As hunger deepened, the U.N. regularly reported that Israel curtailed truck deliveries into the territory, and the International Criminal Court alleged that Benjamin Netanyahu and the defense minister, Yoav Gallant, were using the “starvation of civilians as a method of warfare.” Brigadier General Elad Goren, who directs COGAT’s efforts in Gaza, brusquely dismissed the charges, insisting that the real problem was the U.N.’s inefficiencies. Though he acknowledged some challenges—“Food insecurity, maybe. Difficulties in access and movement, maybe”—he claimed, “There is no famine in Gaza, period. We check how many calories are entering every day per person. We are not limiting the number of trucks. We are facilitating.”

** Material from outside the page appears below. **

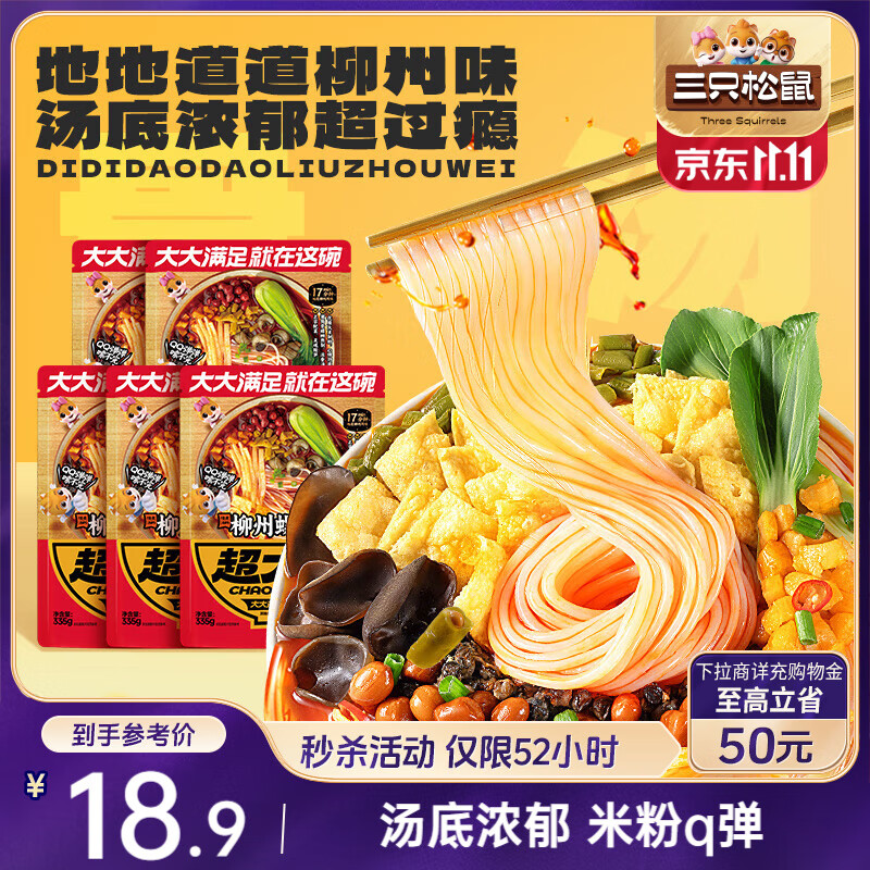三只松鼠螺蛳粉335g*5袋箱装米粉米线广西柳州特产酸辣夜宵方便速食零食

Stories in the American press have refuted that claim, and more directly implicated the Biden Administration in the crisis. In April, after U.S.A.I.D. and the State Department’s refugees bureau presented clear evidence that Israel had purposefully held back food and medicine from Gaza, President Biden chose to go ahead with weapons shipments. Lubbad evaded the debate, relating only what she saw in her clinics. This summer, she said, “moderate acute malnutrition” was more common than life-threatening “severe acute malnutrition.” For the less dire cases, at least, she had the necessary nutritional supplements—“So far, so good.” But it was worse in the north, which was virtually inaccessible to aid convoys for months. Oxfam reported that people there were subsisting on the equivalent of less than a can of beans per day, and that ninety-five per cent of the territory had no access to clean water.
After Israeli intelligence found continued Hamas activity in Gaza City, the I.D.F. resumed a concerted initiative, effectively blockading the north. Sami Matar, who leads many of Anera’s deliveries, described harrowing journeys there over the summer. On one, I.D.F. soldiers fired a machine gun at his car, damaging the tires and the gas tank. On another, a drone lowered to eye level, and a disembodied voice ordered him to get out and unpack bags of clothes and hygiene products for inspection: “Open the green bag. Open the yellow bag.” In August, he managed to deliver twelve hundred parcels of produce to Gaza City. Upon returning, he reported extreme shortages of milk, vegetables, meat, and medicine. Scarcity led to preposterous prices: tomatoes cost ninety-six dollars a pound. His boss told him that he was being reckless; he had a family to care for. He told her, “If I die, I’m going to die doing my job.”
Under international law, nations at war are obligated to protect humanitarian personnel. In Gaza, aid groups rely on COGAT to facilitate the practice of “deconfliction”—rules meant to reduce the risk that workers are mistaken for militants or inadvertently enter combat zones. Before missions, Anera supplies the names and nationalities of the workers involved, the cars’ makes and contents, and the convoys’ routes. COGAT is expected to convey the information to fighting units, but I.D.F. and intelligence officers can overrule its plans and directives.
Carroll, Anera’s C.E.O., said that the decision of whether to fully coöperate with COGAT was tricky: “Should you be more or less visible?” Humanitarian workers don’t carry weapons, and they worry about attracting attention from the I.D.F. and from militants, who are known to hijack trucks. Some organizations reportedly avoid trouble by paying Hamas, or by handing over a portion of the cargo. (Carroll said emphatically that Anera has no contact with Hamas or any belligerent.)